Most of the code here is what I've discussed before: checking whether the Y coordinate is inside the trapezoid and checking whether the trapezoid starts at this particular pixel. The last line is interesting thoug, as it calculates the set bits purely using arithmetic operations and is therefore very fast. In fact, on a CPU with 64-bit registers it would be trivial to extend this algorithm to use 16 colums per subpixel without a loss in performance.

Another trick I've used in my implenetation is how I've extended the current subpixel mask to a larger integer. It may seem like this requires some complicated arithmetic, but it's in fact possible to do in two arithmetic operations:

    mask = (mask & 0x0101_0101) * 255

That's a bit of magic, but you can see that it works by looking at the four rightmost bits independently:

• For the rightmost 0x01, multiplying it by 255 results in 0xff.
• For the next pixel 0x0100, multiplying it by 255 results in 0xff00.

...and so on for all four bytes. Essentially we're doing a kind of vector operation here, using a plain old multiply instruction. I think that's quite nifty.

More optimizations

There are a number of other optimizations I've used, to make this as fast as possible and not spend any unnecessary cycles on antialiasing.

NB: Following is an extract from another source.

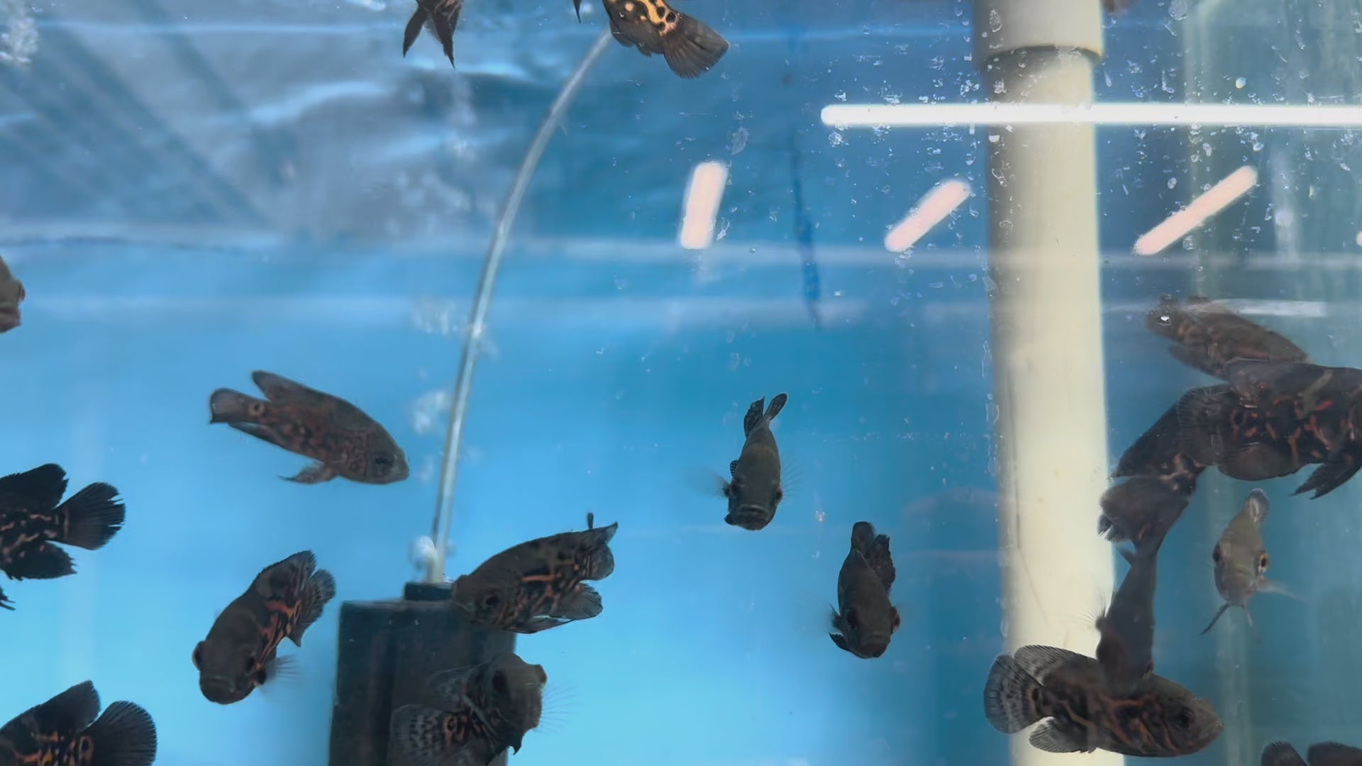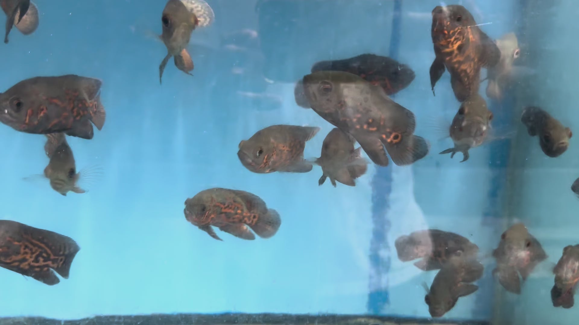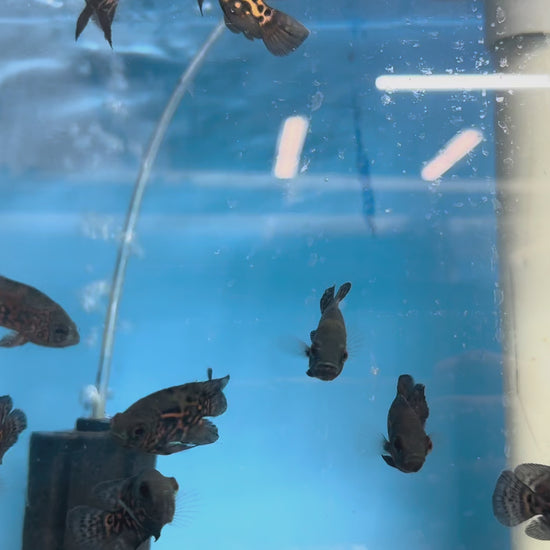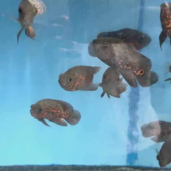 The Red Tiger Oscar, scientifically known as Astronotus ocellatus, is a popular color variation of the Oscar cichlid. It features a dark (blue-black) background with vibrant orange-red markings and patterns, sometimes described as resembling a tiger's stripes or a marble pattern. These fish are known for their striking appearance and are a popular choice for aquariums.

• I will keep the start and end index to the slice around, so that the code only needs to iterate over edges that apply to a particular pixel. This requires keeping the edge slice sorted, and not having intersecting edges.
• For correctness I need to start the algorithm at the leftmost edge in a scanline, but once all edges have been passed the scanline drawing loop can just stop.
• A common case is a range of pixels that are fully set (no transparency due to antialiasing). In that case I calculate the next edge intersection on the current scanline and draw the pixels in a loop. This saves a lot of time, probably because such a loop is easy to optimize by the compiler.

Conclusion

That's it! The code is part of TinyGL and you are free to reuse the algorithm however you wish.

Here is an example how it looks:

I wrote this blog post because I couldn't find much information about this subject online, except for that one blog post I mentioned before. I hope this will be useful to some people, especially when it helps them make faster and more beautiful graphics on slow hardware.